# dogs an training scents



## grimm_mojo (Dec 30, 2007)

ok I bought some training scents few years back for got I had them an was wondering if any one had any idea if they still good .. I got few dogs I want try get started an some freshen up some . I'm thinking about starting dogs on bobcat an would like any suggestions on where to find some good scent 
an thanks in advance


----------



## alleyyooper (Apr 22, 2005)

I would contact the company about shelf life of the scents you have to see if they are still OK to use.

I goggled dog training scents and found a bunch of places that sell scents from Amazon to gun dog supply and even Cabela's.
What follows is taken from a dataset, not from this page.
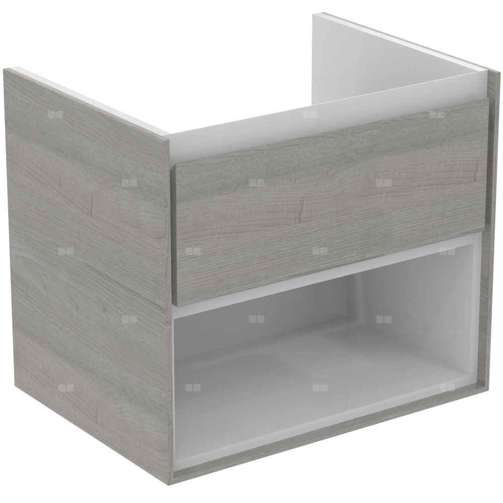 Wisząca 60 cm. 1 szuflada ze zintegrowanym uchwytem. Szuflady z systemem samodomykania. Otwarta dolna półka. Zestaw montażowy w komplecie. Szafka do skompletowania z: umywalką z powierzchniami bocznymi 64 cm E028901 lub. umywalką nablatową 60 cm E034801/40 cm E034701 z wymaganym blatem E0848. Zalecany: syfon oszczędzający przestrzeń EE23033967 (zamawiany oddzielnie).

I got some Pete Richards Phesant scent off Amazon to train my English Setter on birds and seems to have worked.


 Al


----------



## barnbilder (Jul 1, 2005)

I have experienced limited success using training scents on hounds through the years. Have seen experienced hounds that wouldn't mess with a drag track. It's not the real thing. Grawes comes closer than the rest, but still no substitute for the real thing. Better to find somebody with experienced cat dogs and see if they will let you run with them. Peer pressure is the best training tool. You are in a pretty good place, lot's of cats down there and lots of cat hunters. Most people in that part of the country run them with running dogs instead of tree dogs, from what I understand cats there stay in the thick stuff and don't climb much.


----------



## grimm_mojo (Dec 30, 2007)

Reason I'm considering bobcat is well I believe one ate all my laying hens . an like get a run for it lol I got plott hounds .

I was curious on scent one what I bought was from tinks . an well wondering if I should try it all I got is bear an hog scent .tried look it up but no luck . now the car scent I figured best but from someone that makes theirs from real scent


----------



## HeavyHauler (Dec 21, 2017)

How does one go about training their dog's nose?

I would like to learn, to get my dog trained; unfortunately no one in my area uses dogs for hunting/scentwork.


----------



## grimm_mojo (Dec 30, 2007)

Get scent of what you want them to find . put it on a rag or something an drag it out like a trail .. May have tease them a little but to get them into the scent


----------



## barnbilder (Jul 1, 2005)

Start with a well bred hound. It should be born with a strong desire to trail things. Discourage it from the the things you don't want it to trail and it should be left trailing the things you want. Try to set up situations for success and avoid situations where failure is highly likely. In other words, start tracks in snow, on desired game sightings, or turn in pups behind trained hounds. rather than letting them find their own track in areas frequented by undesirable game. You can't make them follow a track, they have to be born wanting to follow a track.

Tracking scents are difficult, getting something in a bottle that replicates the distinct scent profile that a passing animal makes is darn near impossible for we of limited olfactory capabilities. Most of them are heavy on urine, and unless you are after an animal with some form of incontinence, are not going to be very realistic. Then you have the issue of track direction. You are putting a smelly liquid on a rag, and dragging it, rubbing the liquid off. The scent could very possibly get weaker as you went, with some encouragement you could train your dog to be a backtracking idiot if you weren't extremely judicious with the use of training scents. There is probably more lasting good that will come out of using the scent on a dummy, be it an old hide or towel used for tug of war games with a pup, or possibly a mad raccoon in a cage, to get that scent in a pup's nose than actually laying trails with it.


----------